> [What this task involves]:
Reproduce exactly the span of lines beginning at the one with "Этот шикарный букет" and ending at the last line of the data below, omitting pictures.

> [Dataset content]:
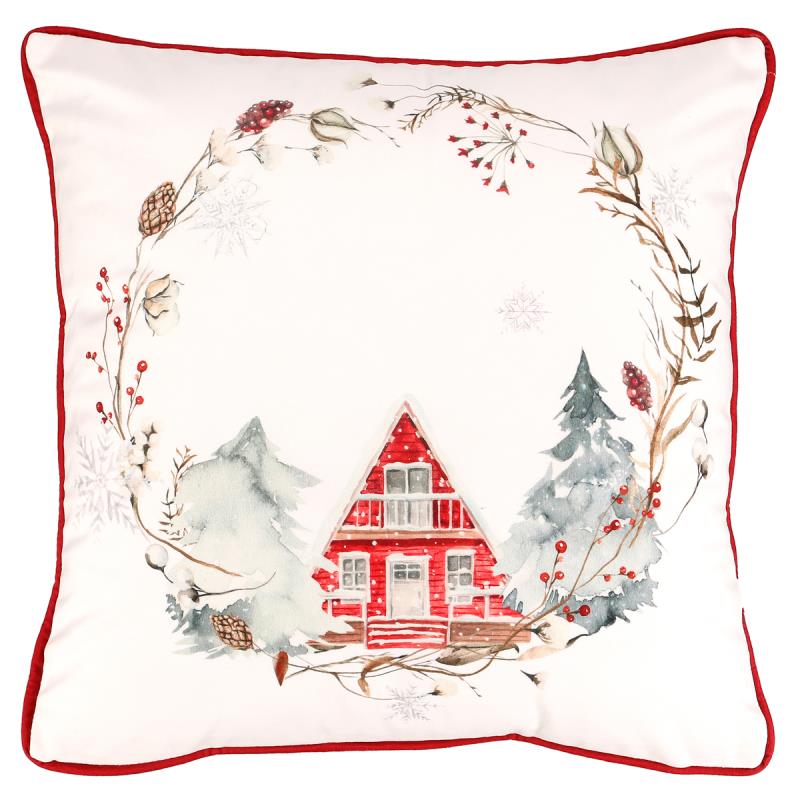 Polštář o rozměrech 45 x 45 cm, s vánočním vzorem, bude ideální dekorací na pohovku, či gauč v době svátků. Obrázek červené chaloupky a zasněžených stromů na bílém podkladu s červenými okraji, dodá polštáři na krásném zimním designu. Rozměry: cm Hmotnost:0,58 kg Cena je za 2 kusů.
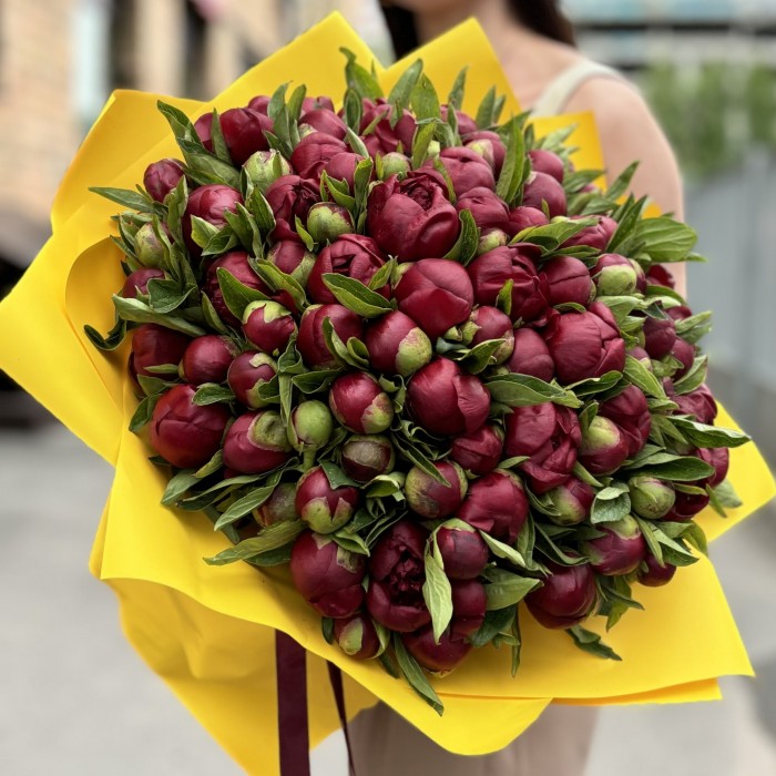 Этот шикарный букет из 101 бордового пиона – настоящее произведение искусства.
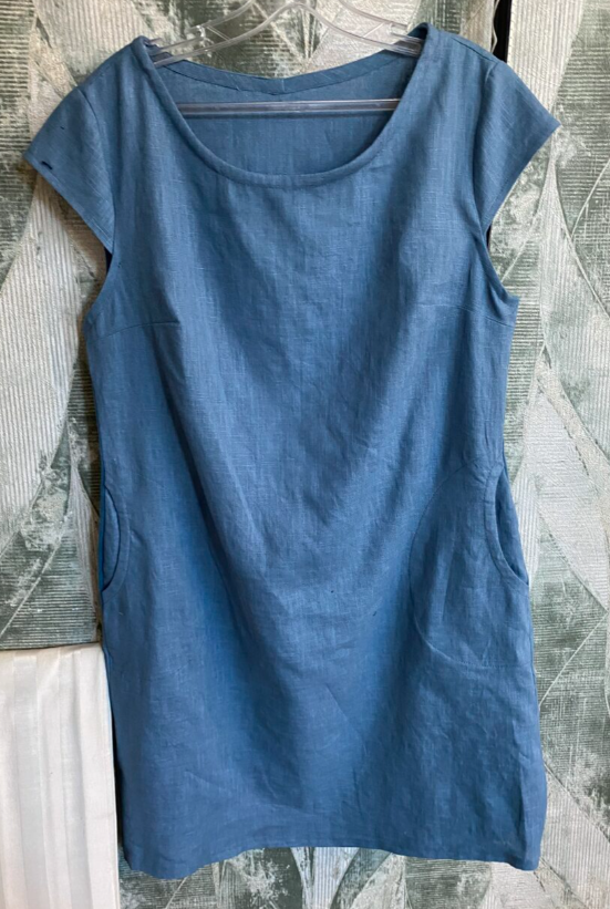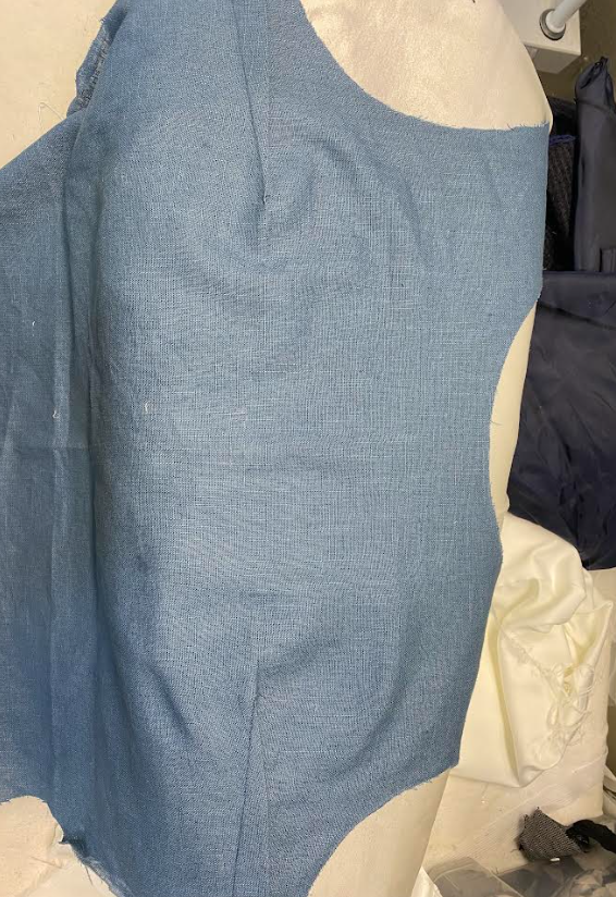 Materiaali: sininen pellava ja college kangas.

> [Solution to this task]:
 Этот шикарный букет из 101 бордового пиона – настоящее произведение искусства.
 Materiaali: sininen pellava ja college kangas.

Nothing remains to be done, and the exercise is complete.